Angiotech: Data shows Adhibit reduces surgical adhesions in patients after myomectomy

By E. Janene Geiss

Philadelphia, April 7 - Angiotech Pharmaceuticals, Inc. announced Friday positive results from its Adhibit adhesion prevention gel myomectomy study that showed a reduction in post-operative adhesion formation.

The randomized, controlled, single-blind, clinical study was designed to evaluate the safety and efficacy of Adhibit in reducing the incidence and severity of post-operative adhesions when applied immediately after the removal of uterine fibroids, called myomectomy surgery, according to a company news release.

The study was conducted at six investigational sites in Europe, Canada and the Netherlands.

The trial randomized 71 patients with 48 patients receiving the Adhibit treatment and 23 patients receiving no post-operative adhesion treatment. Patients were surgically re-examined eight to 10 weeks post-procedure to determine the incidence and severity of adhesions, officials said.

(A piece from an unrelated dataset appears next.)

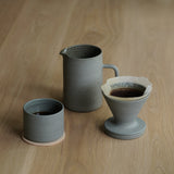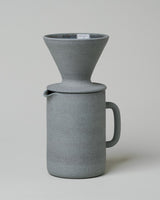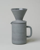 A wheel thrown, matte textured coffee pot in slate grey with a clear glazed interior. Consisting of a jug and pour over, designed to fit most 2 cup paper filters. Suitable for use in dishwashers and microwave ovens. Care should be taken when stacking and washing ceramics. Avoid thermal shock from rapid heating and cooling.
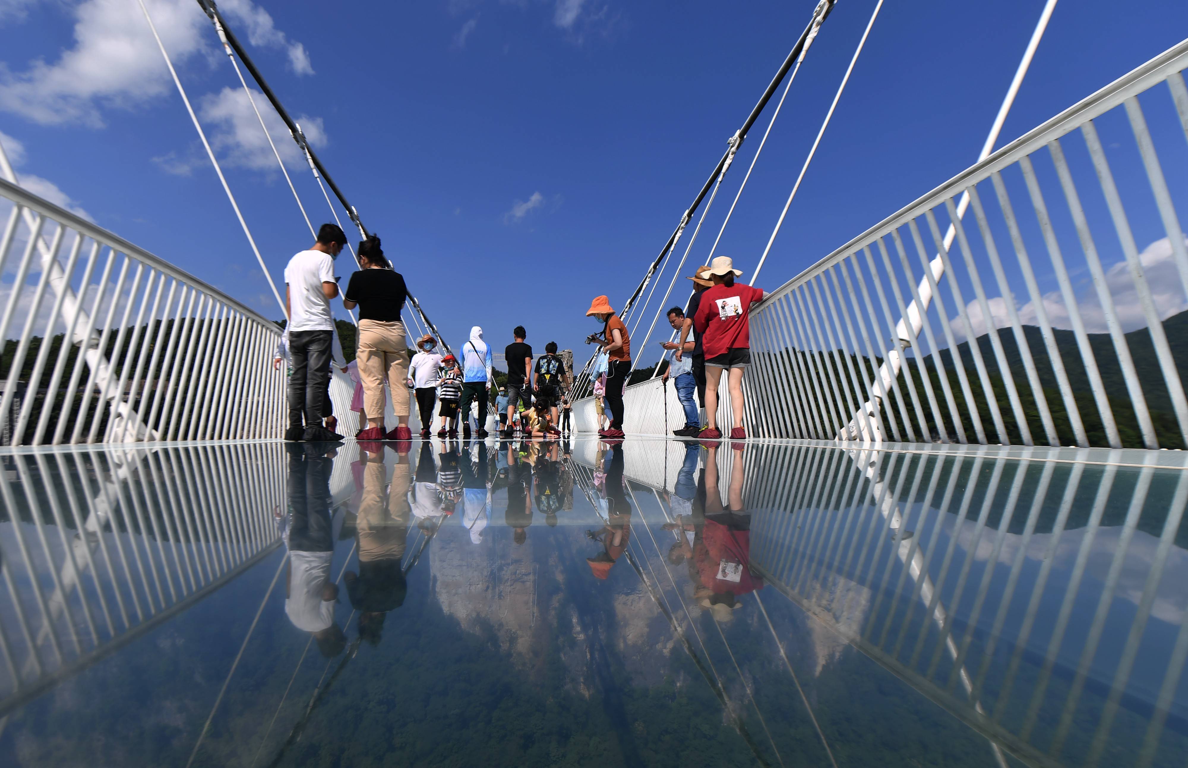 ▲游人在湖南张家界大峡谷玻璃桥游玩。图/新华社

Adhibit was shown to reduce post-operative adhesion formation as measured by the modified American Fertility Society score, a scoring system that factors in both the extent and tenacity of adhesions.

Patients in the group that were treated with Adhibit experienced a statistically significant reduction in their score when compared with those in the control group, officials said.

"Consistent with preliminary results, we're encouraged and pleased that this data indicates Adhibit is safe and effective," Rui Avelar, chief medical officer for Angiotech, said in the release. "Adhibit also proved itself to be easily delivered through a laparoscope, and has the potential to further advance minimally invasive surgery in women."

The final data set was presented Friday at the 19th Annual European Congress of Obstetrics and Gynecology in Torino, Italy.

Adhibit is a fully synthetic, sprayable hydrogel that is safely resorbed by the body over 30 days and is designed to reduce or prevent the formation of post-operative surgical adhesions.

Currently approved in Europe to prevent or reduce post-surgical adhesion formation in pediatric patients undergoing cardiac surgery, Adhibit is an Angiotech product that is sold and marketed by Baxter Healthcare Corp. worldwide, excluding the United States. Baxter has an option to license Adhibit in the United States, but the product is not currently approved for sale in the country.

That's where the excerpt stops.